Вот что заявит шевалье, получив мое послание! Я прямо слышу его хохот…
— Значит, не будете писать? — злобно прошипел Данвиль.
— Но это же просто бесполезно, монсеньор. Впрочем… Даже если представить себе самое невероятное… Допустим, мой сын явится сюда. Знаете, что будет дальше?
— Что?
— Шевалье не только подозрителен, но и чертовски упрям. В этом он схож с вами. Так вот, он почему-то вообразил, что обязан спасти от ваших преследований мадам де Пьенн, ее дочь да еще и вашего брата. И от своего решения шевалье не отступится никогда. Понимаете, монсеньор, я-то с радостью принимаю ваше великодушное предложение… но шевалье… Знаете, что он бы вам заявил?
Пардальян-старший поднялся, гордо вскинул голову и грозно сжал рукой эфес шпаги.

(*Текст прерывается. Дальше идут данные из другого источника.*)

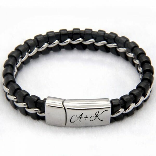 Nakit je darilo, ki ga podarimo ob posebni priložnosti. Dodajte nakitu lasten dotik gravure osebnega besedila. Tako darilo je edinstveno in bo sigurno pričaralo nasmeh na obrazu vašega partnerja. Zapestnica je izdelana iz nerjavečega jekla in usnja. Lasersko graviranje pa bo zagotovilo, da bo vaše besedilo še dolgo obstojno na zapestnici. Preprosto vnesite želene inicialke in izberite pisavo in izdelali vam bomo kakovostno darilo, ki ga lahko podarite svojemu partnerju ali prijatelju.
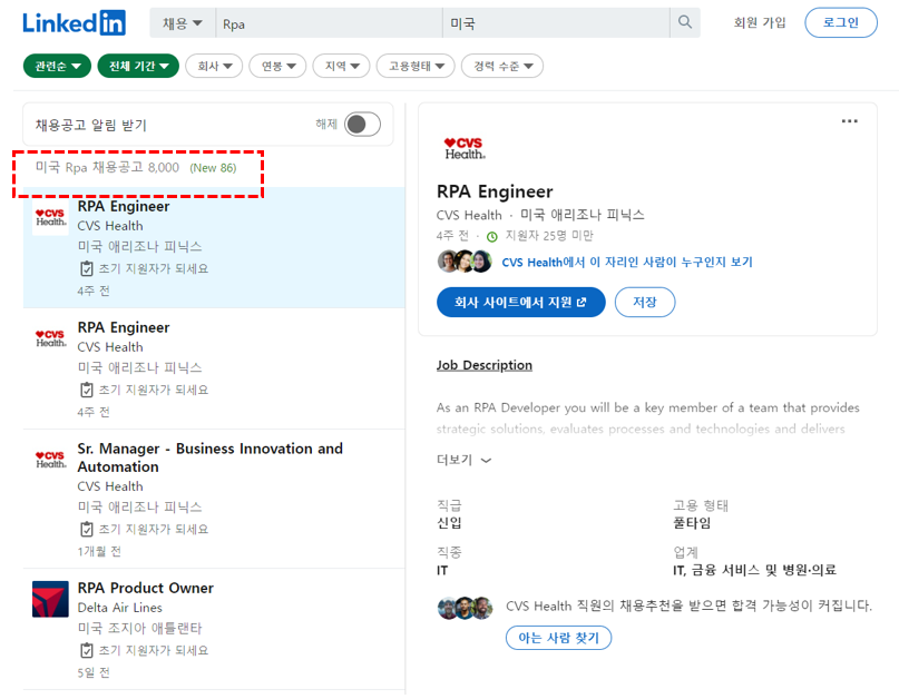 미국에서 가장 활발한 구인구직 플랫폼인 링크드인을 보자. RPA 관련한 개발자, 컨설턴트, 기획자등 다양한 직군의 채용공고가 8,000 건정도 올라와있다. 물론 파이썬 개발자는 50,000건, 자바 41,000건, HTML/CSS 54,000 건에 비하면 작은 비중이지만 그래도 지속적인 구인 구직이 있음을 알 수 있다. 사실 자동화 개발자는 특정 언어를 사용한다기보단 솔루션을 다룬다. 그래서 개발자라 말해도 되나 싶기도 하지만 보통 파이썬도 자동화로 사용할 수 있기때문에 개발자라고 해도 괜찮을 것 같다.
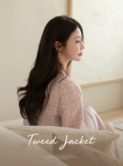 ロマンチック 春季 カラー ミックス ツイード ジャケット
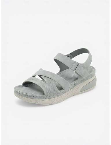Damskie szare, wygodne sandały z podparciem łuku stopy – lekkie, amortyzowane sandały z paskiem na kostce, miękkie, codzienne buty do podróży, na zakupy i spacery na świeżym powietrzu &codzienne
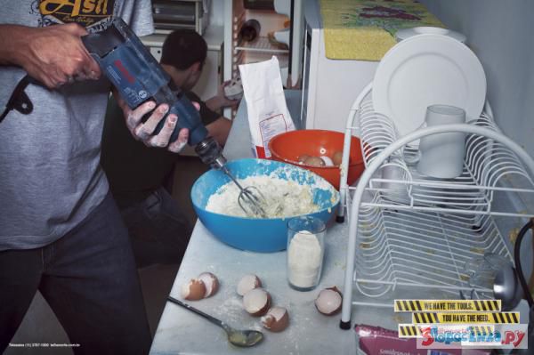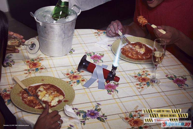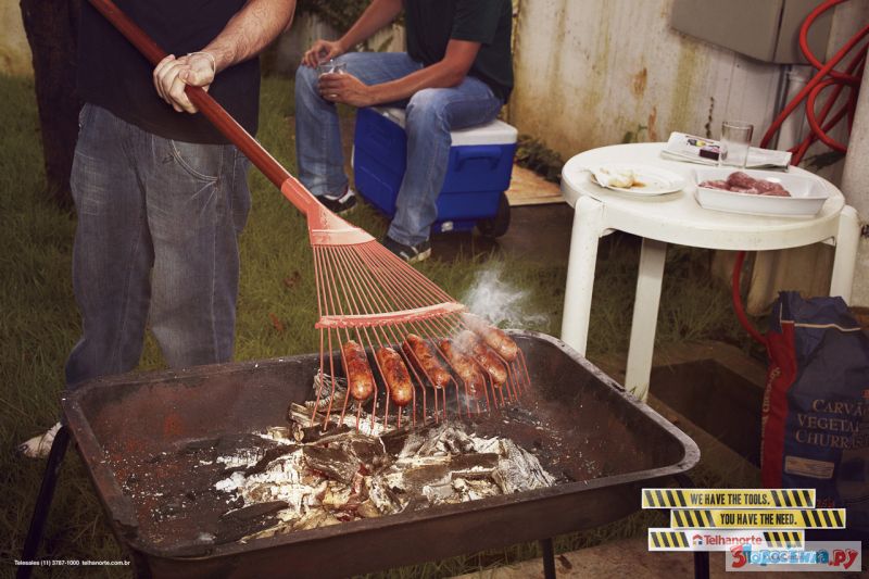 Реклама хозяйственных инструментов на кулинарную тематику со слоганом: "Telhanorte - У вас есть потребности, у нас - инструменты для их удовлетворения"

— Он заявил бы следующее: «Как! Мой батюшка и вы, герцог, бесстыдно толкаете меня на подобную подлость?! Это отвратительно, господа! И всего за четыре тысячи экю и за двух лошадей в раззолоченной сбруе? Да если бы вы посулили мне четыре тысячи кошелей, в каждом из которых лежало бы по четыре тысячи экю, даже тогда я почувствовал бы себя глубоко оскорбленным! Неужели кому-то могло прийти в голову, что шевалье де Пардальян будет торговать своей честью и, последовав примеру родителя, бросит на произвол судьбы двух страдалиц, которых дал слово защищать?! Неужели кто-то вообразил, что шевалье де Пардальяна удастся запугать? Нет, отец, я с возмущением отказываюсь обсуждать эту грязную сделку. Вы забыли, что честь зиждется прежде всего на самоуважении? И все же позором покрыли себя не вы, а маршал де Данвиль, навязавший вам это гнусное соглашение. Впрочем, измена для монсеньора — вещь вполне обычная!»
— Негодяй! — прохрипел Анри де Монморанси.
— Дослушайте меня, монсеньор! У шевалье имеется еще один порок — кроме тех, о которых я уже упоминал: он привязан ко мне, несмотря на все мои недостатки. И если я не вернусь на заре во дворец Монморанси (а там знают, что я отправился к вам), то опасаюсь, как бы мой сын не вздумал заявиться в Лувр и сообщить, что вы с герцогом де Гизом собираетесь свергнуть законного монарха… Разумеется, мой сын презирает доносчиков, так что потом, видимо, вынужден будет покончить жизнь самоубийством…
Маршал, уже готовый кинуться на старика и разорвать его на куски, при последних словах хитреца застыл на месте и побледнел. Анри де Монморанси был сейчас страшен: перекошенное лицо, пена на посиневших губах… А Пардальян, усмехаясь в усы, хладнокровно спросил:
— Так что же мы с вами будем делать?
Но маршал, обезумев от ярости, отбросил всякую осторожность. Гнев и ненависть ослепили его. Взбешенный заявлением Пардальяна, Анри де Монморанси уже не владел собой -точно бык на арене, истыканный бандерильями.
— Пропади все пропадом! — заорал Данвиль. — Пусть король узнает!.. Стража, ко мне!
В ту же секунду Пардальян обнажил кинжал и ринулся на маршала.
— Ты погибнешь первым! — вскричал ветеран.
Однако Данвиль не дал застать себя врасплох: при виде нацеленного ему в грудь лезвия, он мгновенно упал на пол. Пардальян потерял равновесие и пошатнулся. В тот же миг его окружили охранники с пиками и аркебузами. Пардальян хотел было выхватить шпагу, чтобы встретить смерть с оружием в руках, но ему не удалось этого сделать. Его схватили, скрутили и всунули в рот кляп. Ветерану осталось лишь одно: зажмуриться и больше не двигаться.
— Монсеньор, — осведомился Ортес, — как мы поступим с этим проходимцем?
— Вздернем, что же еще? — рявкнул разозленный Данвиль. — Впрочем, этому негодяю известен один секрет, и во имя безопасности Его Величества мы должны развязать старому мошеннику язык.
— Значит, отправить его в камеру пыток? — переспросил Ортес.
— Естественно! А я уж раздобуду лучшего из принявших присягу палачей и сам буду лично участвовать в дознании.
— Куда его отправить?
— В тюрьму Тампль! — распорядился маршал де Данвиль.